== Work to complete ==
The line containing "ورغم التزام البعض" and every line after it, through the end of the material: copy these exactly and nothing else, leaving pictures out.
***** Given information *****
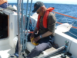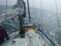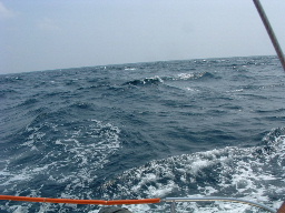 ・昨夜の予報は一日穏やかと言っていたが、昼前には風が吹く出すことを想定して、6時に出港した。 昨夜遅くまで風が強かったのが港の中は幾分か静かになっており、予報とおり穏やかな航海かと思っていた。 港外に出ると追い風になる北西6〜10m/sが吹いており、波も穏やかに見えたので、先ずジブセールを開き始めた。 途端に12〜13m/sの強風が吹き始め、ジブも全部出すとブローチングし出したので、慌てて少し小さめにした。 ・「やはり今日も静かな一日にはならないね!」と言い合い、気を引き締めてオイルスキンとライジャケをしっかり着込んだ。 針路は、北西の風なので風位120度くらいが周参見港の針路であったが、風が北から北東に変わることも想定し、 風位100度で田辺と周参見の中間に針路を取った。 ・6:30に風速が18m/sになり、波高も2〜3mと高くなって飛沫がかかり始めた。 風と波に翻弄され始めたのでジブを小さく下(130%ジブを100%くらいに小さく)。 ・8:30には日和佐から16NMの地点まで進み、9時頃には四国の山並みが見えなくなってきた。 9:25時頃紀伊半島の山並みが見え出し、紀伊半島の山が四国側の山より標高が高いから、 紀伊半島の山は約25NM離れていても見え始めたのだろうと推測した。 ・10時には周参見まで約20NMの地点に到達したので、もう風向も大きく変わることは無かろうと、風位を 140〜150度に落とし、追い風をけ受周参見に針路をとった。 ・11時頃紀伊水道側の本船航路に入り、タンカーやコンテナ船の間を縫って進んだ。 12時頃、周参見から約6〜7NMの地点に到達。岸に近付くに従い波・風が治まってきて、 風速も10m/s前後、波高も2m前後になり、飛沫も被らなくなった。 ・13:30に周参見港の岸壁に舫って、遅いお昼を食べ、ビールを飲んで一息ついた。 岸壁には伊東から来たと言う「ちひろ号」が停泊しており、色々話しているうちに「ちひろ」の艇長さんは 「あうん」の林さんと九里さんにヨットを教わったとのことで、世間は狭いものだとお互い言い合った。 |
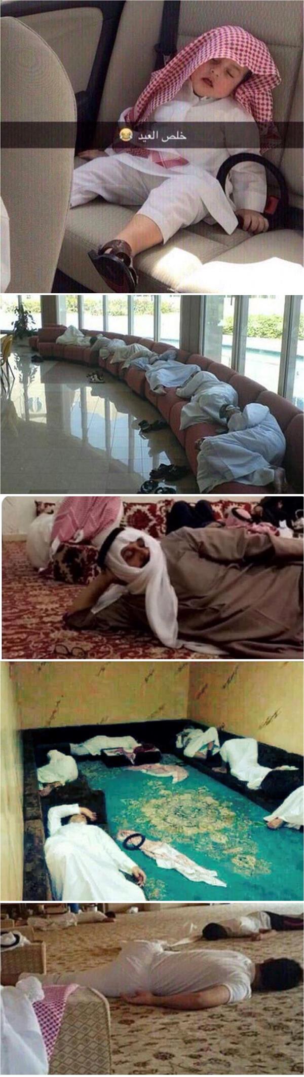 ورغم التزام البعض بتهنئة العيد لأسرهم وأقاربهم وكبار السن إلا أنهم سريعاً ما فزعوا إلى النوم بعد سهر طويل وإرهاق ليلة العيد، وظهر ذلك في الصور والمقاطع الطريفة التي عبرت عما يشعرون به من "غيبوبة" يعجزون معها على مواصلة الاستيقاظ.
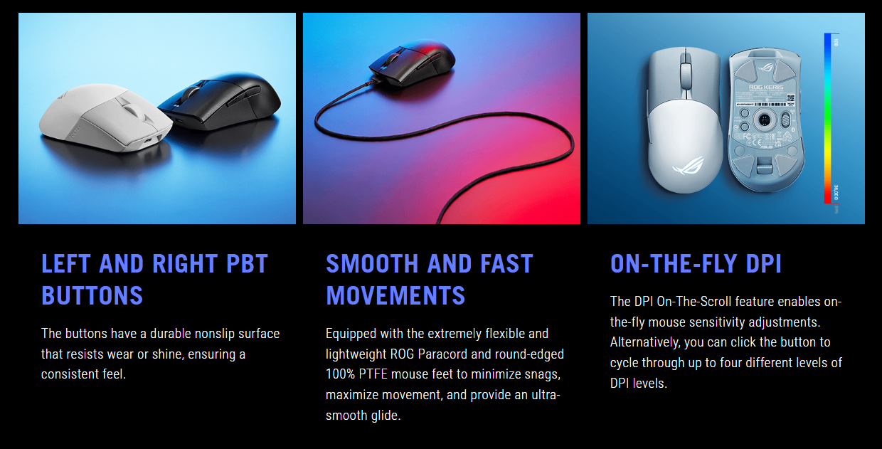 ✅ สาย ROG Paracord และฐานเมาส์ PTFE 100%: วัสดุคุณภาพช่วยให้เคลื่อนไหวได้อย่างลื่นไหลและรวดเร็ว
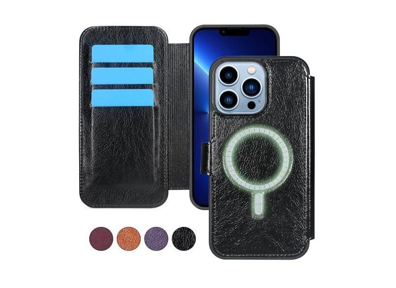 CMIDUS Capa carteira com bloqueio de RFID para iPhone 13 Pro Max 5G 6,7 polegadas compatível com MagSafe carregamento sem fio couro PU capa flip protetora com compartimentos para cartões e suporte
*****
== Response to the task ==
 ورغم التزام البعض بتهنئة العيد لأسرهم وأقاربهم وكبار السن إلا أنهم سريعاً ما فزعوا إلى النوم بعد سهر طويل وإرهاق ليلة العيد، وظهر ذلك في الصور والمقاطع الطريفة التي عبرت عما يشعرون به من "غيبوبة" يعجزون معها على مواصلة الاستيقاظ.
 ✅ สาย ROG Paracord และฐานเมาส์ PTFE 100%: วัสดุคุณภาพช่วยให้เคลื่อนไหวได้อย่างลื่นไหลและรวดเร็ว
 CMIDUS Capa carteira com bloqueio de RFID para iPhone 13 Pro Max 5G 6,7 polegadas compatível com MagSafe carregamento sem fio couro PU capa flip protetora com compartimentos para cartões e suporte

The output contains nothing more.